The slide comes after WTI rose 1.8% and Brent climbed 1.5%
on Monday on better-than-expected data on manufacturing activity
in Asia, Europe and the United States showing factories were
emerging from the worst of the early coronavirus pandemic
impact. "On the demand side, we had quite encouraging global
manufacturing (data) ... but there's still quite a bit of
evidence of the oil demand recovery stalling in quite a few
markets with a resurgence of COVID-19," said Lachlan Shaw, head
of commodity research at National Australia Bank (NAB).
Denting fuel demand, cities from Manila to Melbourne are
tightening lockdowns to battle new infections, while Norway has
stopped cruise ship traffic in the latest European travel alarm.

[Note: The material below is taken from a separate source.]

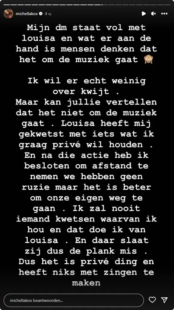 "Ik wil er echt weinig over kwijt", zo begint Michella in haar Instagram Stories. "Maar kan jullie vertellen dat het niet om de muziek gaat. Louisa heeft mij gekwetst met iets wat ik graag privé wil houden."

In a further sign of a patchy rebound in demand, analysts
estimate U.S. refined product stockpiles rose last week,
according to a preliminary Reuters poll ahead of data due from
the American Petroleum Institute industry group later on Tuesday
and the U.S. government on Wednesday.
Five analysts estimated, on average, that U.S. inventories
of gasoline rose by 600,000 barrels. Distillate stockpiles,
which include diesel and heating oil, likely grew by 800,000
barrels, while crude stocks fell by 3.3 million barrels in the
week to July 31. At the same time producers in the Organization of the
Petroleum Exporting Countries (OPEC) and its allies, together
known as OPEC+, are stepping up output this month, adding around
1.5 million barrels a day of supply. U.S. producers also plan to
restart shut-in production and inventories remain near
historical highs.
"So it's tough to see, in my view, conviction emerging to
the upside," NAB's Shaw said. "There could be heightened risk of
prices moving to the downside in the very near term."